何せ知らない物語であったらどうしようと思っていると・・・楯無は
こう続けた。
『否!それは名前などではない!!幾多物舞踏会と言う名の戦場を駆け抜け、
群がる敵兵をなぎ倒し、灰燼を纏う事さえ厭わぬ地上最強の兵士達!!
彼女たちの事を人はこう呼んだ・・・・・
・・・・・『灰被り姫(シンデレラ)』と!!!」
「はい!?」
一夏はそれを聞いて何でと思っていると・・・楯無は更にこう続けた。
『今宵もまた血に飢えたシンデレラ達の夜が始まろうとしている!
王子の冠に隠された隣国の軍事機密を狙い舞踏会と言う名の死地に少女達が舞い』
『ほう・・・死地がお望みか楯無?』
突如としてズシンとプレッシャーが観客全員に襲い掛かるかのように
重くのしかかるような感触に丁度見ていた鈴がガタガタ震えながらこう言った。
『ち・・・千冬シャン?』ガタガタガタガタ
「ウォォォォォォォォイ!?大丈夫かよ鈴!!」
「鈴さんがまるで震える子犬みたいになってるー-!!」
弾と蘭がそう言って恐怖している鈴を慰めようとしていると・・・
千冬がこう続けた。
『貴様・・・誰に断ってこの劇を認めて貰ったのだ?』
『ええとですね・・・その。』ガタガタガタガタ
何やら震えるような音が聞こえるが千冬はこう続けた。
『然もだ、商品として織斑との相部屋とか誰が承認したのだエエエエ?』
『いやあのですね!これは・・・マリアナ海溝よりも深い理由が』
楯無がそう言いかけるが・・・千冬は静かにであるがこう言った。
『お前は私を怒らせすぎたようだ。
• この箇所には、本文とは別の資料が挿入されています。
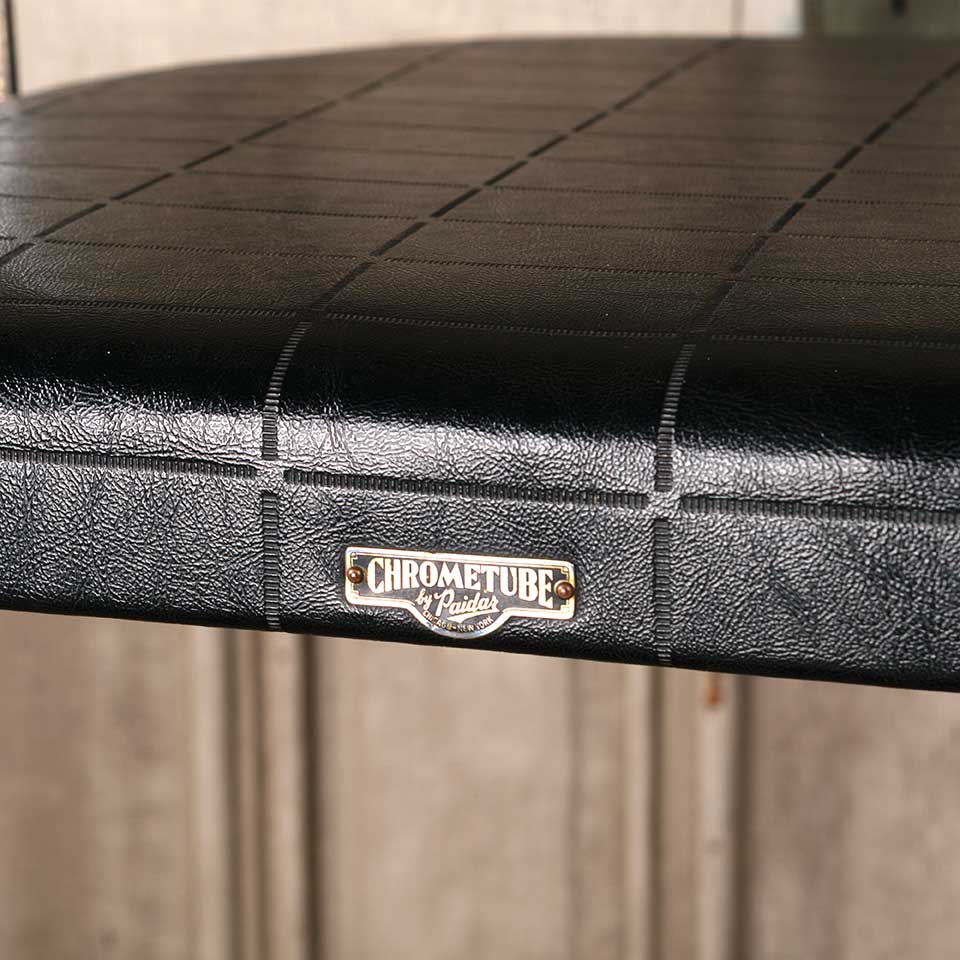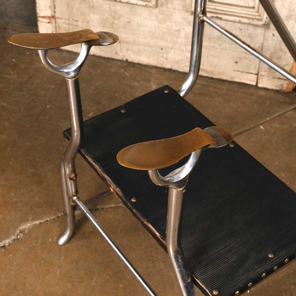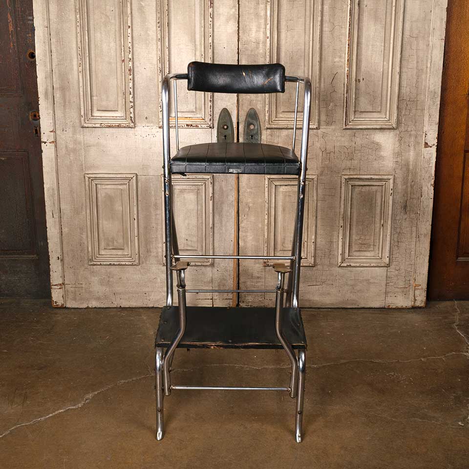 Vintage CHROMETUBE shoeshine stool highchair with brass foot rests measuring approx. 20 3/4" wide x 47 3/8" tall x 35 1/2" front to back. Manufactured by Paidar Chicago - New York. This would make a great chair for a barber shop, tattoo parlor or used as a pool table chair. The back upholstery is cracked. See photos to evaluate condition.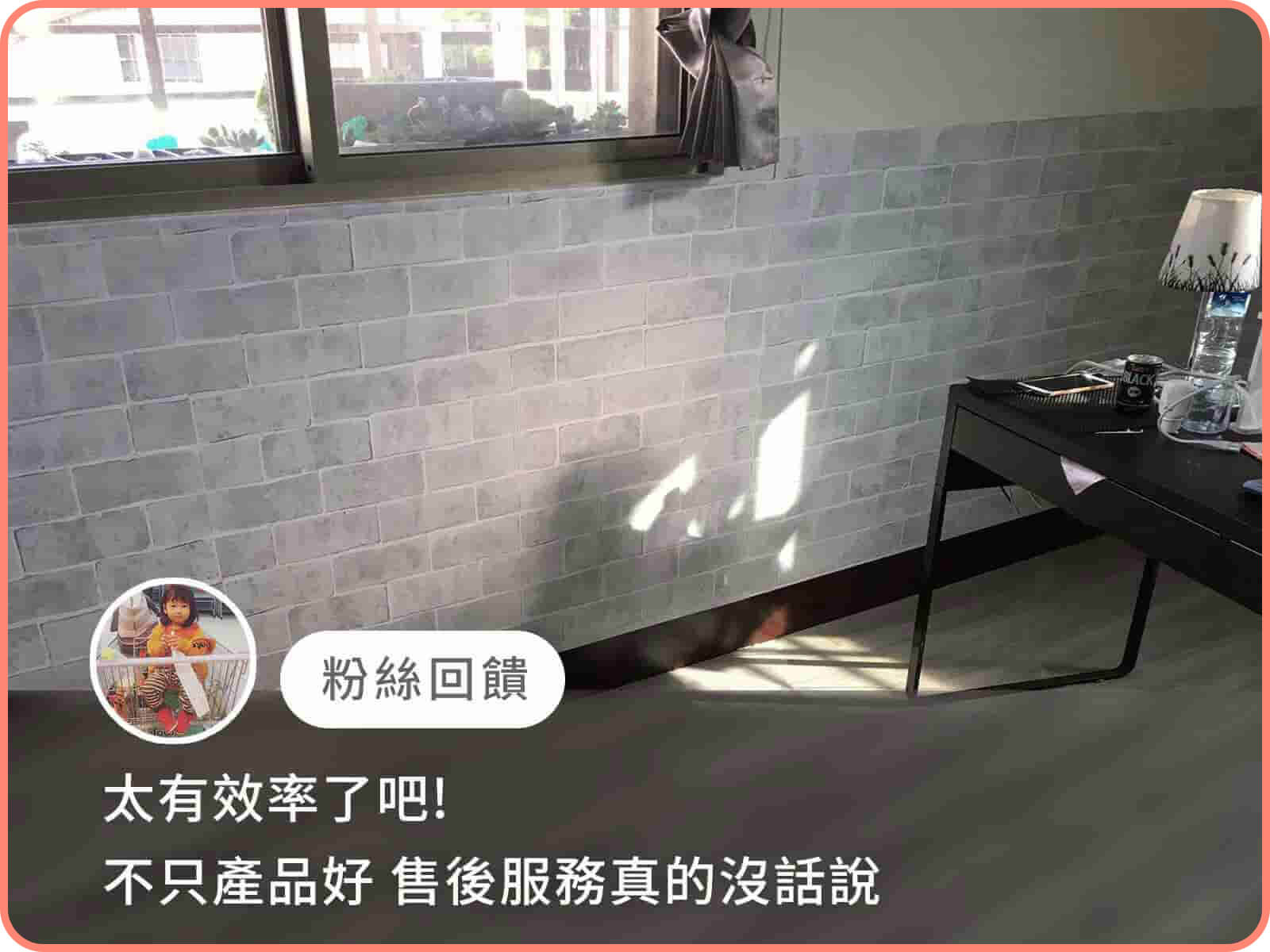 粉絲回饋照:「太有效率了吧!不只產品好 售後服務真的沒話說」 改造空間:工作空間改造光源:自然光改造好物:歐ㄋ一ˋ壁紙-工業灰磚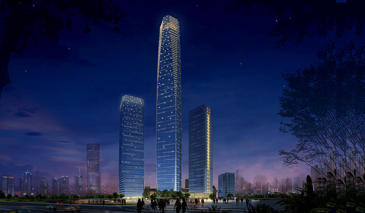 项目位于东莞市中心地带,包括5栋塔楼和1个大型商业裙楼,其中2号塔楼建筑高度为428米,泛光照明效果丰富生动,磅礴大气。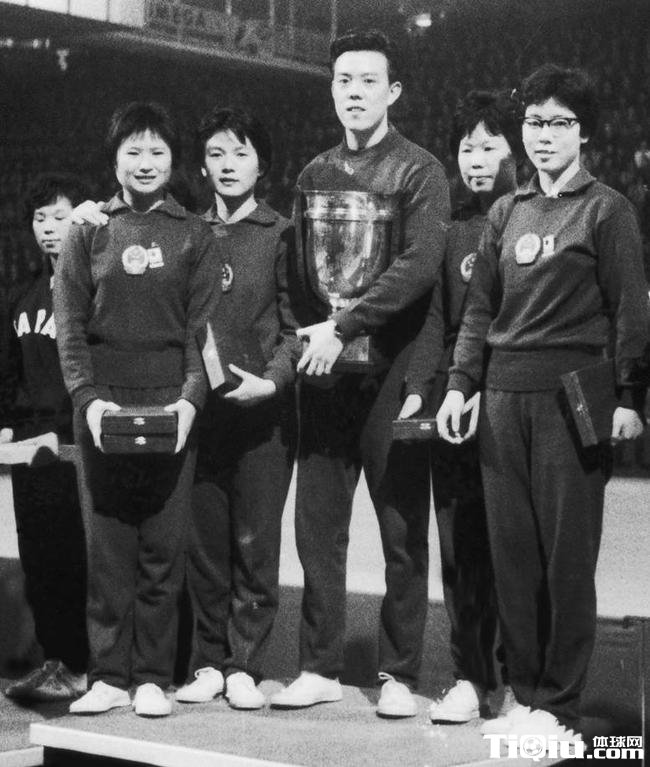 1965年,中国队首夺女团冠军,左起梁丽珍、郑敏之、容国团、林慧卿、李赫男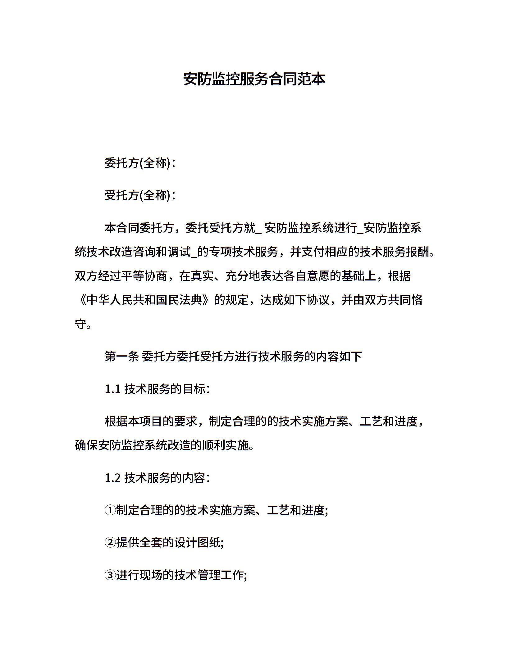 安防监控服务合同范本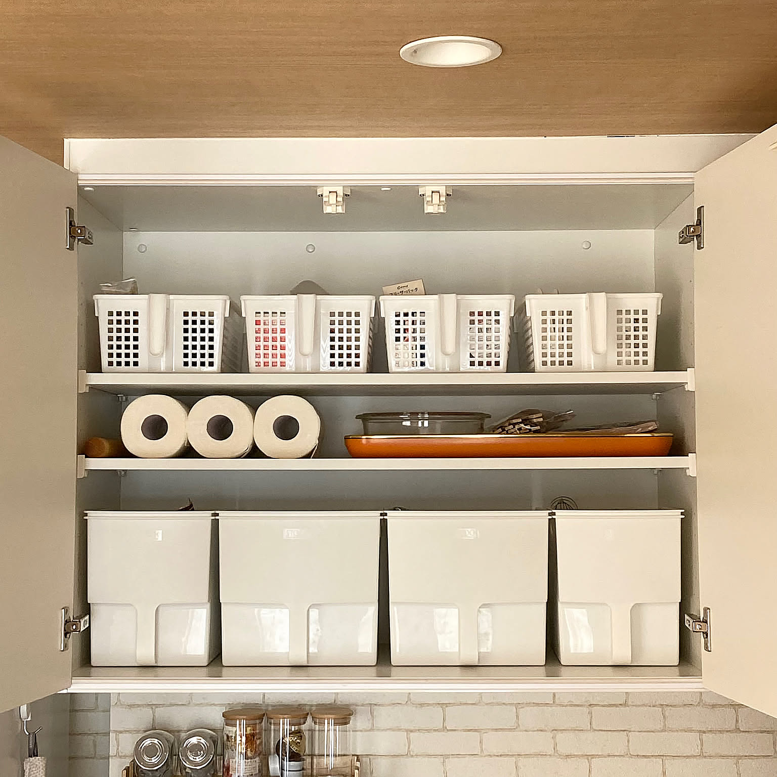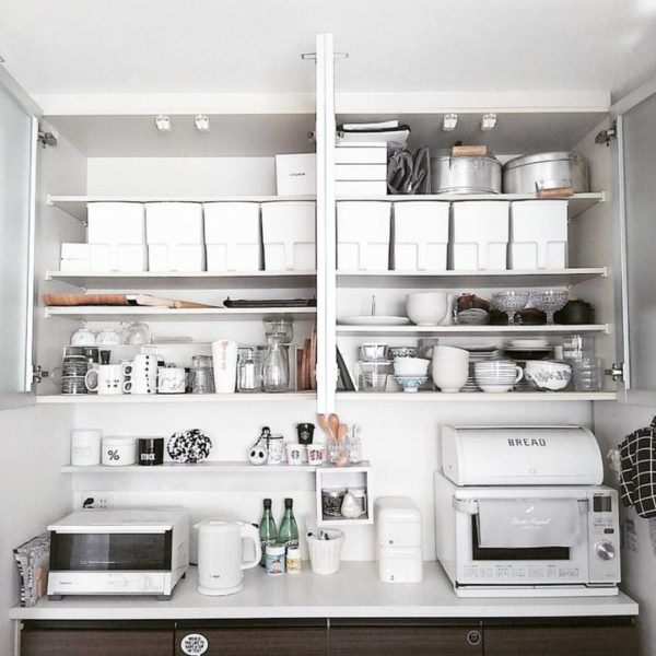 真似したい!キッチンの吊り戸棚をフル活用できる収納ワザ。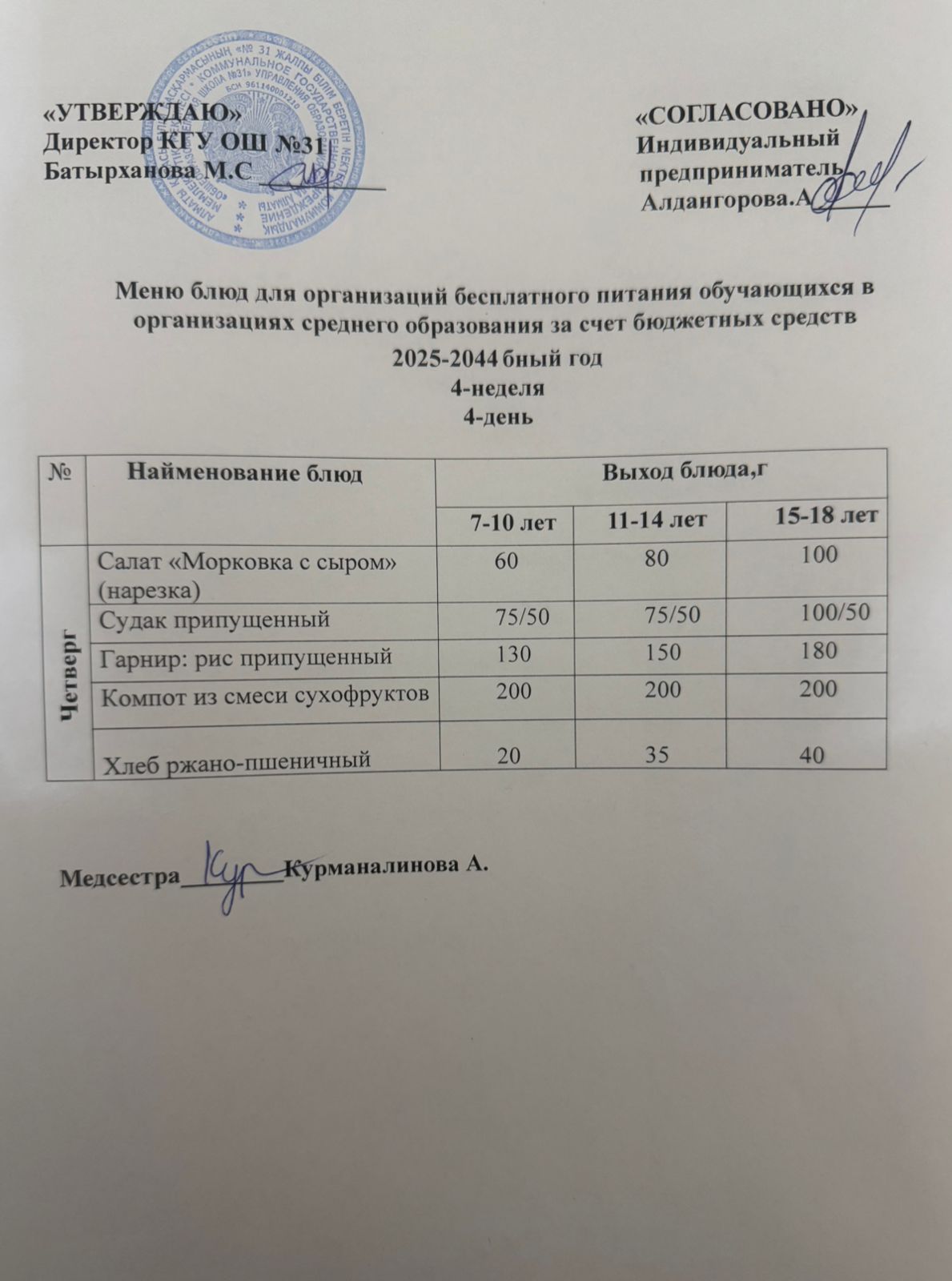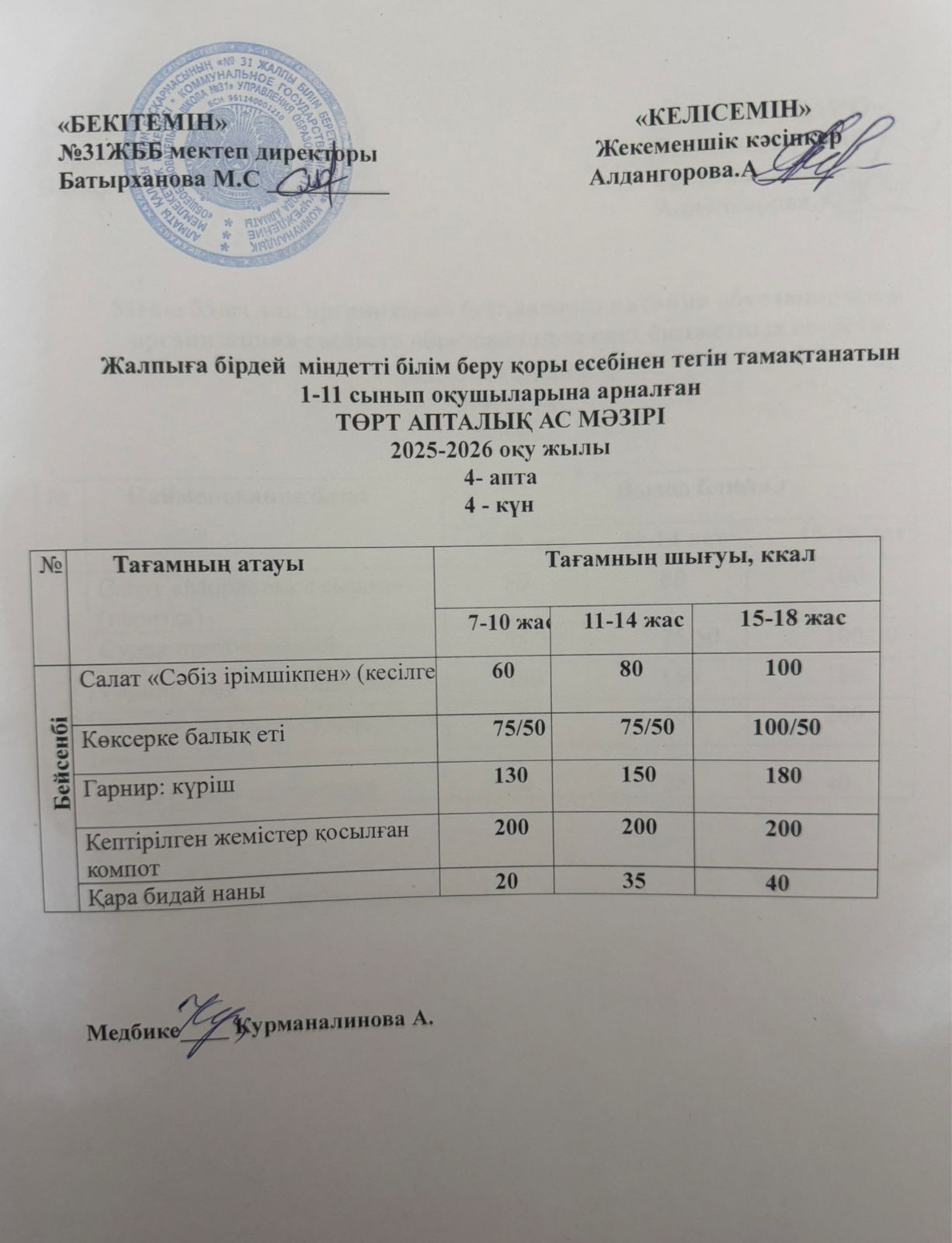 Ас мәзірі 4 апта 5 күн. Меню 4 неделя 5 день.

』
その言葉と同時に・・・ドン!と言う音が聞こえたが楯無がそれを見て
悲鳴交じりでこう言った。
『アイエエエエエエエエエエ!!ナンデドウシテ!?ドウシテ
オリムラセンセイノカミガコンジキニ!!』
『おらは怒ったぞ!!フリ〇ザー------!!』
『ちょっと待って私フリ〇ザじゃないってプギャアアアアアアアアア!!』
その声と共に放送室から・・・楯無がお城のセット目掛けて
飛び出してきたのだ。
そしてセットにぶつかると・・・金色の長髪とかした千冬も飛び出してきて・・
・・・・・目を赤くして楯無を殴り飛ばした。
「グペア!?」
そしてその儘殴り飛ばされて床に叩きつけられるが千冬は其の儘・・・
「アおオオォォォォおおおおおお!!」
某汎用人型決戦兵器が自我を失って暴走するかのような状態
(旧テレビ版)みたいな感じで楯無を殴り始めたのだ。
何度も・・・何度も・・・何度も・・・・
・・・・・床が割れる迄殴る音は止まらなかった。
因みにだが・・・。
箒「一夏!千冬さんがキレてしまったぞ!!」ガタぶる
ベル「一夏・・・止めようよ。」ガタぶる
一夏「いや無理だってって言うか2人とも離れてって胸が挟まってるって!!」
一夏を中心に箒とベルが抱き着いていた。